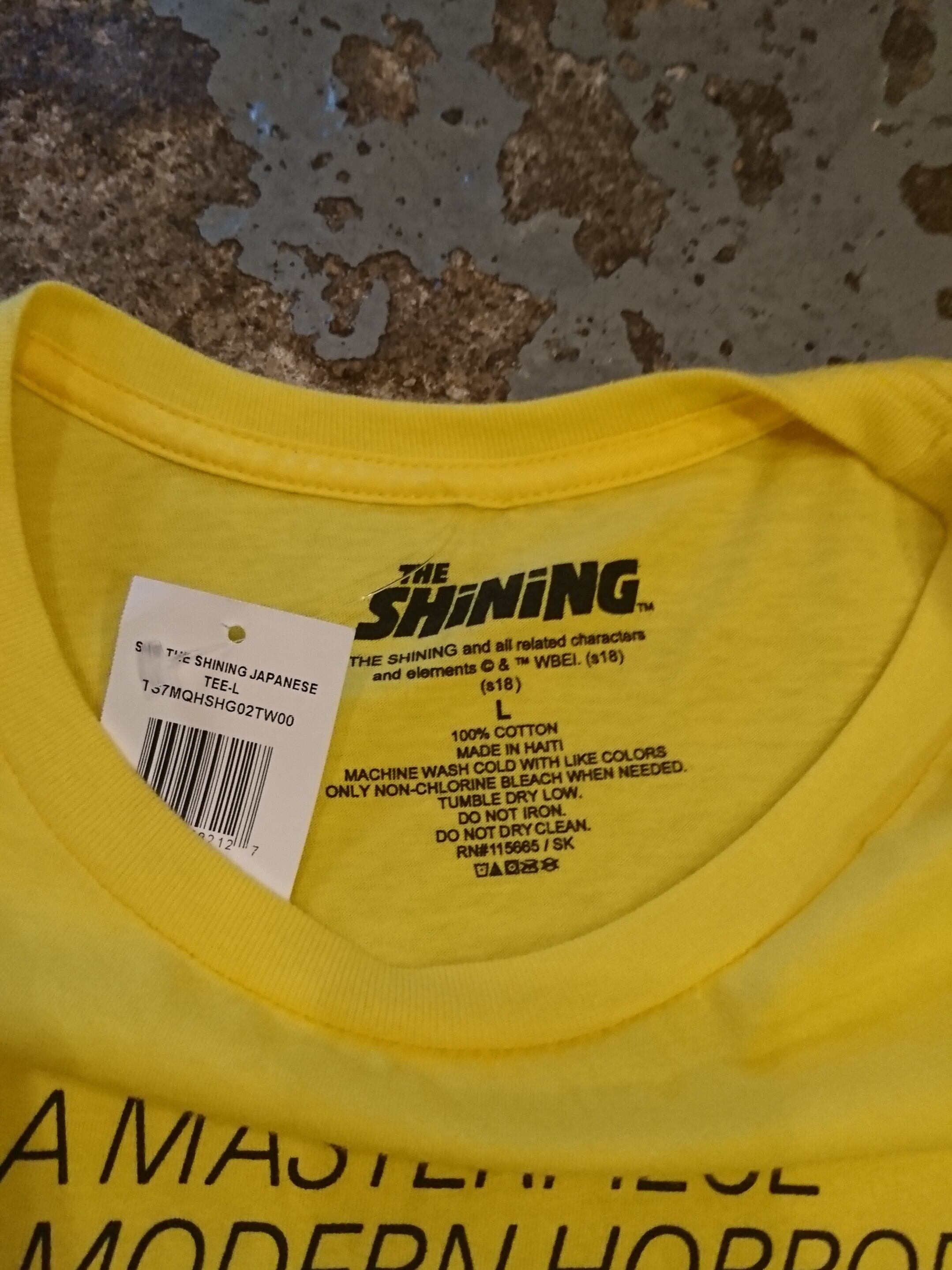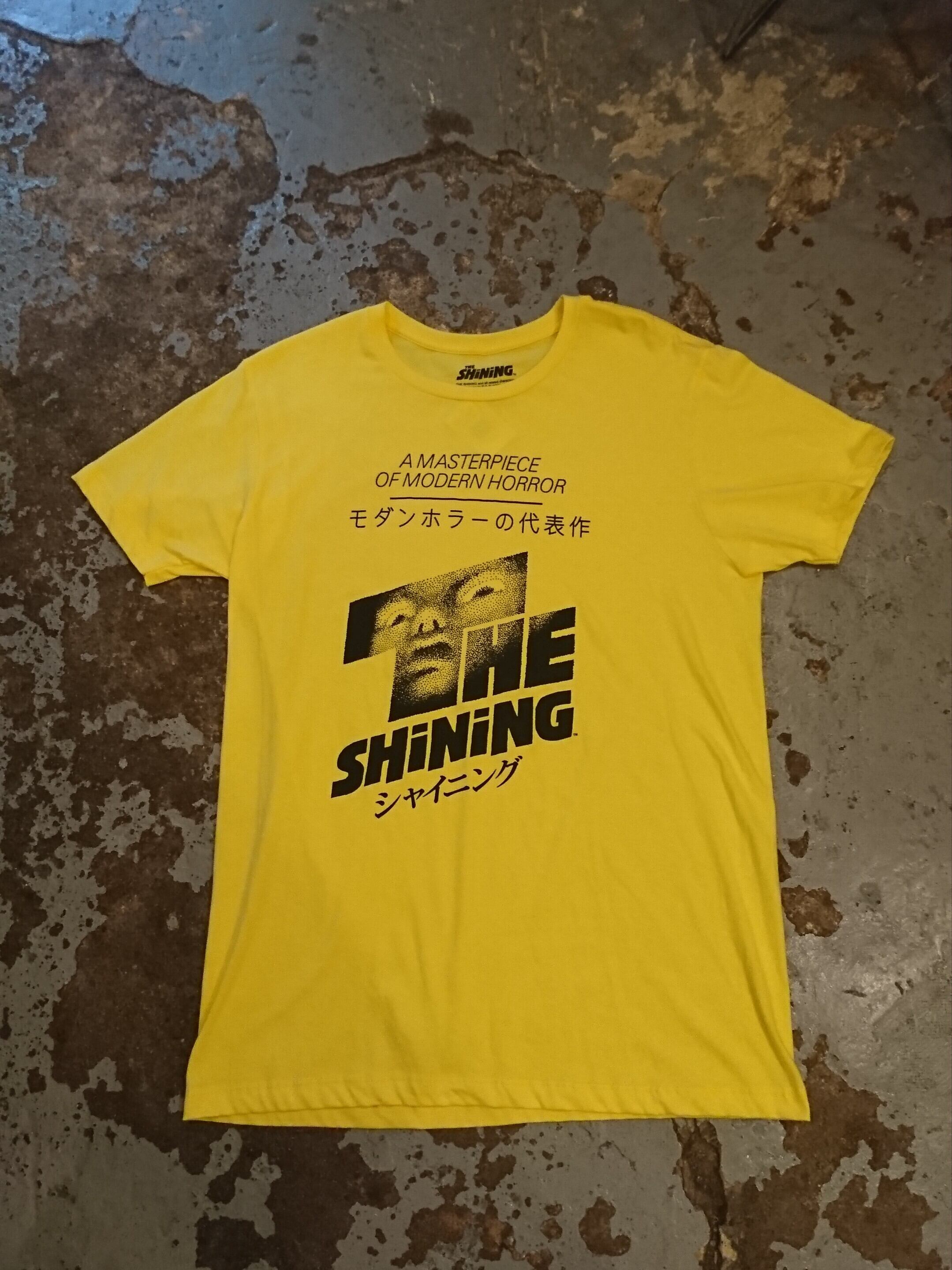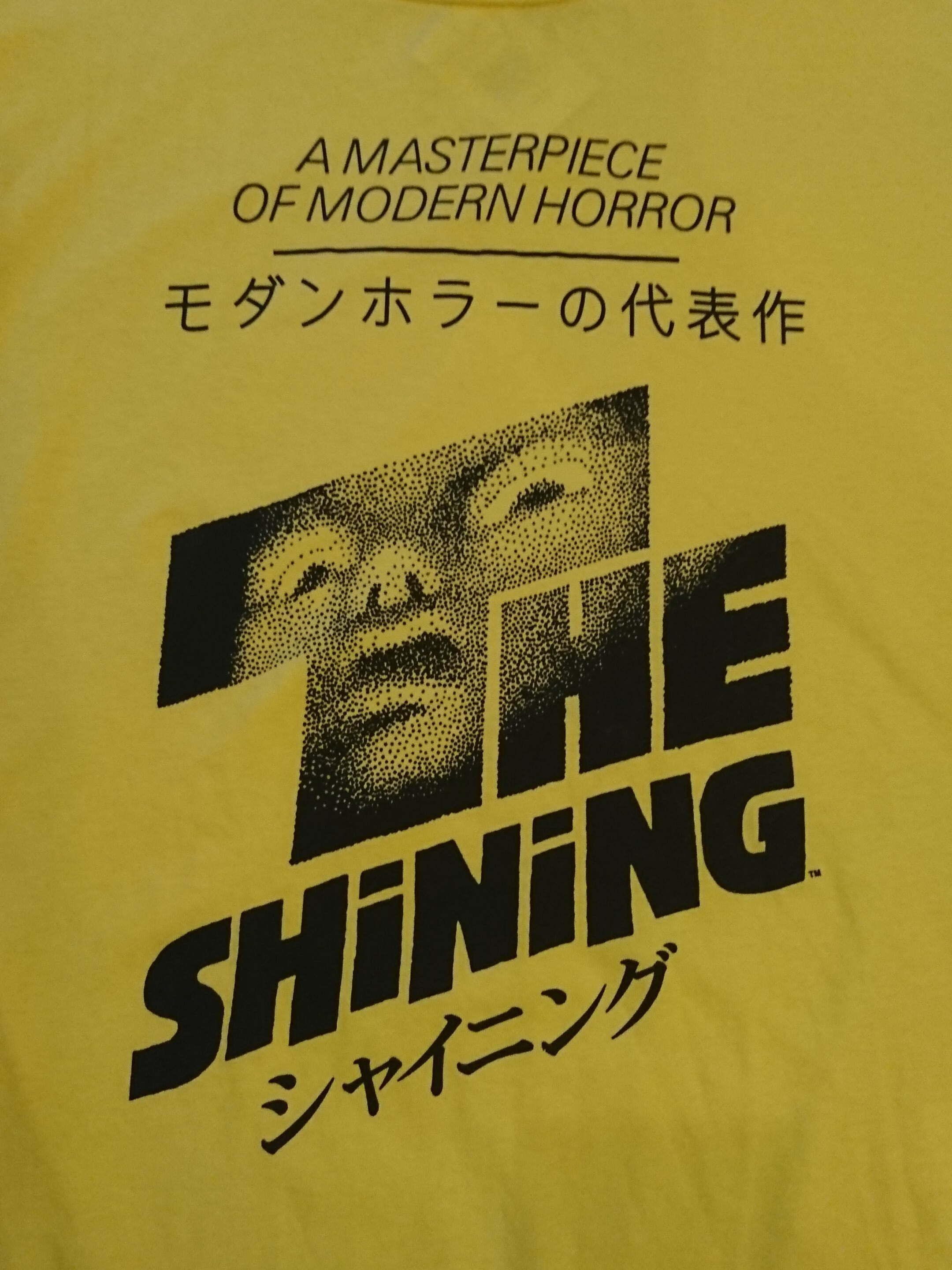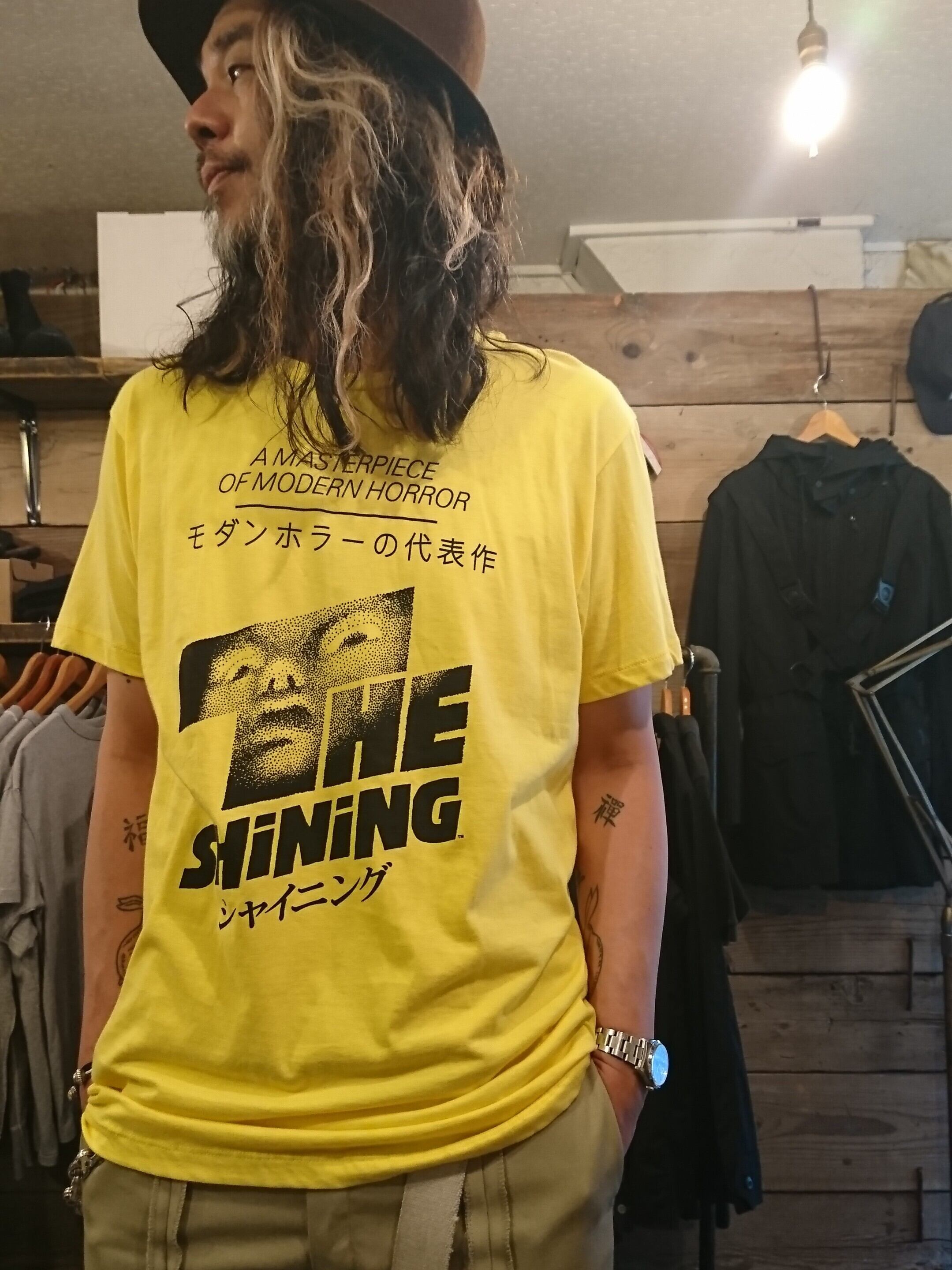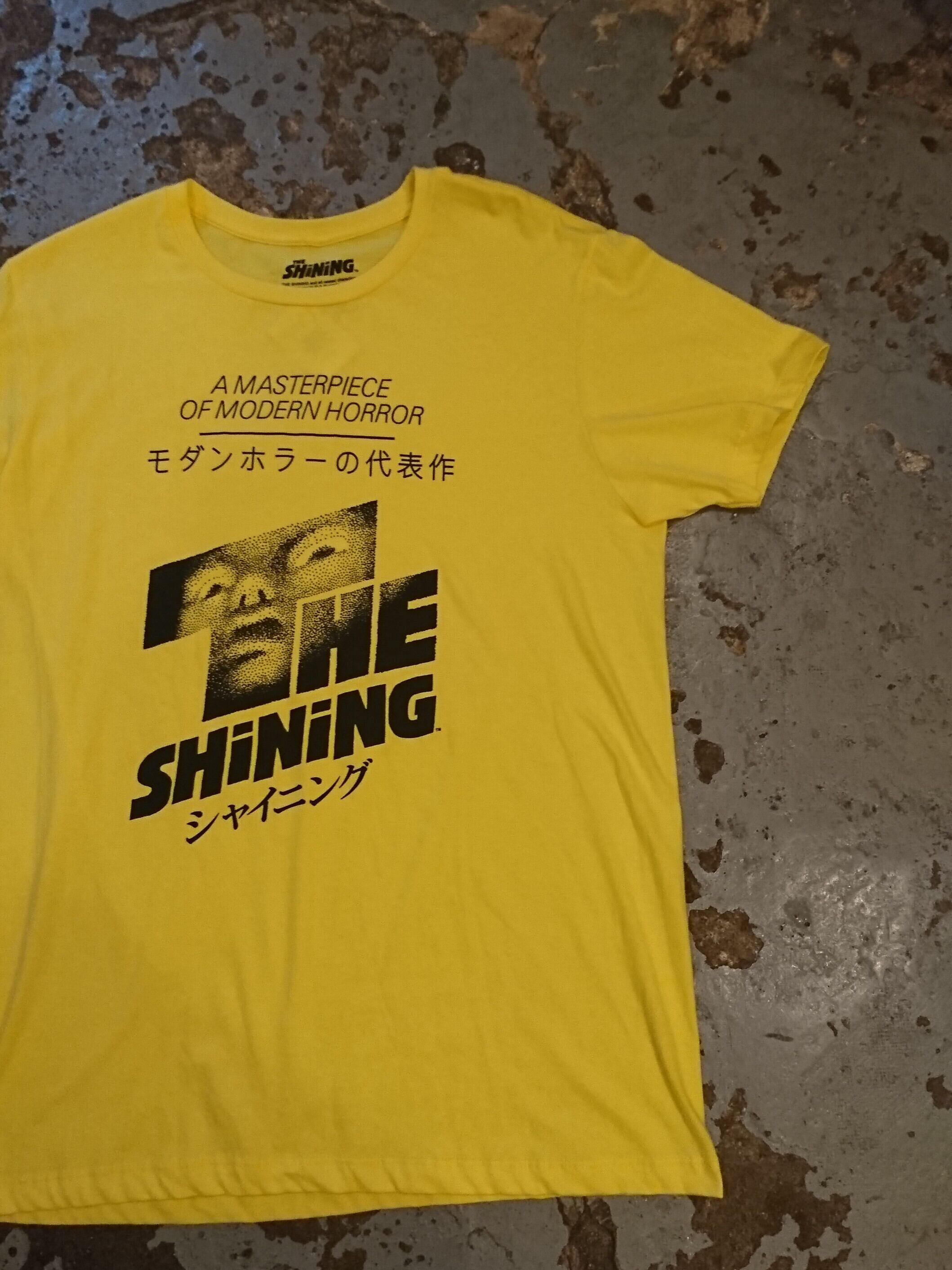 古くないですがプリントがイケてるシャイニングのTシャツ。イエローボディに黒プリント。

.....

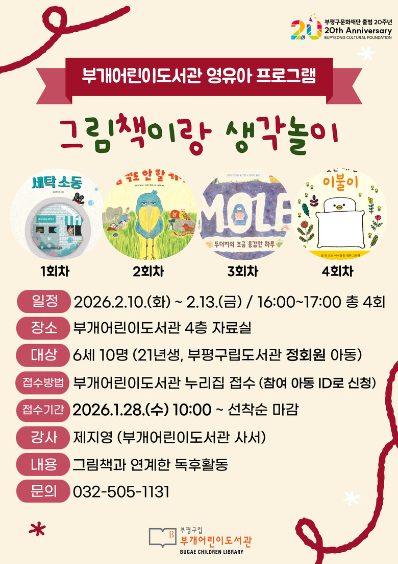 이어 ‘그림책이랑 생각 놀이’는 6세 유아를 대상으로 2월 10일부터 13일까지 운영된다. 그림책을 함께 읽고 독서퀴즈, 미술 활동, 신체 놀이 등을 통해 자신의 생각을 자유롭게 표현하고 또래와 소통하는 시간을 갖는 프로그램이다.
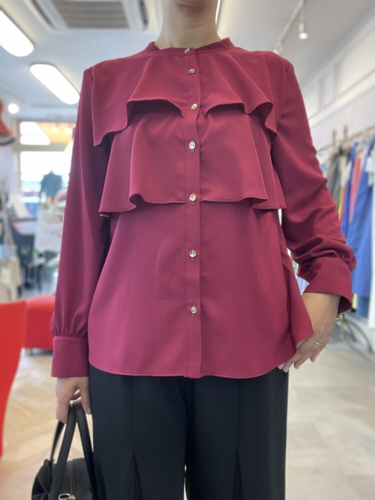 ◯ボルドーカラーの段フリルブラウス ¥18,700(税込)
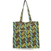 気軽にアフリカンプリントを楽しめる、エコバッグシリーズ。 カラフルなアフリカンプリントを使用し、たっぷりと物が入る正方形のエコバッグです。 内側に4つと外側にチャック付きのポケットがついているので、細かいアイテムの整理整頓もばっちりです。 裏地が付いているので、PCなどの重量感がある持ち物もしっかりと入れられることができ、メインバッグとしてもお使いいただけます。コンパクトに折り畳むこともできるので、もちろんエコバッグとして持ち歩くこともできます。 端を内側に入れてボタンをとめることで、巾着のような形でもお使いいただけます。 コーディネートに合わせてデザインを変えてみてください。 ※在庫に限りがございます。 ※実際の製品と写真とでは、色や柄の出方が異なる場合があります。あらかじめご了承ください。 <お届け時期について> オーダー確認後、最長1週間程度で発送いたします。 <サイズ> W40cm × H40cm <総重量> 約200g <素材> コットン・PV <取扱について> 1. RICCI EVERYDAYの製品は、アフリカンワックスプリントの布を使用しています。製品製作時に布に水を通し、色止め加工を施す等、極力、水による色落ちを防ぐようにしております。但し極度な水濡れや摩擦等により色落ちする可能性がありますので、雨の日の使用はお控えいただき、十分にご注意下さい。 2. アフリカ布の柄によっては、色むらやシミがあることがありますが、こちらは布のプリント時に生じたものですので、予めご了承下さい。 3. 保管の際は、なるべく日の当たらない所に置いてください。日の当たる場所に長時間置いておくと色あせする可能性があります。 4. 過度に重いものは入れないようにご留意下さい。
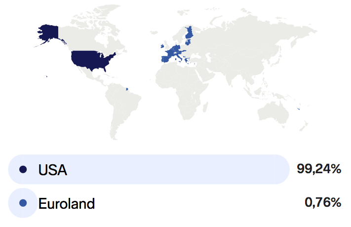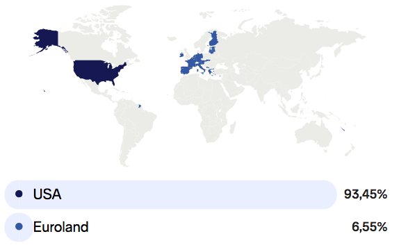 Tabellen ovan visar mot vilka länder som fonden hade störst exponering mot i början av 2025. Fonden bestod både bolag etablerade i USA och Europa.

.....

Exercise instructions:
From the material above, give again exactly the lines from the one that contains "이어 ‘그림책이랑 생각" through the one that contains "<お届け時期について> オーダー確認後、最長1週間程度で発送いたします。 <サイズ>", and leave out the pictures.

Output for this task:
 이어 ‘그림책이랑 생각 놀이’는 6세 유아를 대상으로 2월 10일부터 13일까지 운영된다. 그림책을 함께 읽고 독서퀴즈, 미술 활동, 신체 놀이 등을 통해 자신의 생각을 자유롭게 표현하고 또래와 소통하는 시간을 갖는 프로그램이다.
 ◯ボルドーカラーの段フリルブラウス ¥18,700(税込)
 気軽にアフリカンプリントを楽しめる、エコバッグシリーズ。 カラフルなアフリカンプリントを使用し、たっぷりと物が入る正方形のエコバッグです。 内側に4つと外側にチャック付きのポケットがついているので、細かいアイテムの整理整頓もばっちりです。 裏地が付いているので、PCなどの重量感がある持ち物もしっかりと入れられることができ、メインバッグとしてもお使いいただけます。コンパクトに折り畳むこともできるので、もちろんエコバッグとして持ち歩くこともできます。 端を内側に入れてボタンをとめることで、巾着のような形でもお使いいただけます。 コーディネートに合わせてデザインを変えてみてください。 ※在庫に限りがございます。 ※実際の製品と写真とでは、色や柄の出方が異なる場合があります。あらかじめご了承ください。 <お届け時期について> オーダー確認後、最長1週間程度で発送いたします。 <サイズ> W40cm × H40cm <総重量> 約200g <素材> コットン・PV <取扱について> 1. RICCI EVERYDAYの製品は、アフリカンワックスプリントの布を使用しています。製品製作時に布に水を通し、色止め加工を施す等、極力、水による色落ちを防ぐようにしております。但し極度な水濡れや摩擦等により色落ちする可能性がありますので、雨の日の使用はお控えいただき、十分にご注意下さい。 2. アフリカ布の柄によっては、色むらやシミがあることがありますが、こちらは布のプリント時に生じたものですので、予めご了承下さい。 3. 保管の際は、なるべく日の当たらない所に置いてください。日の当たる場所に長時間置いておくと色あせする可能性があります。 4. 過度に重いものは入れないようにご留意下さい。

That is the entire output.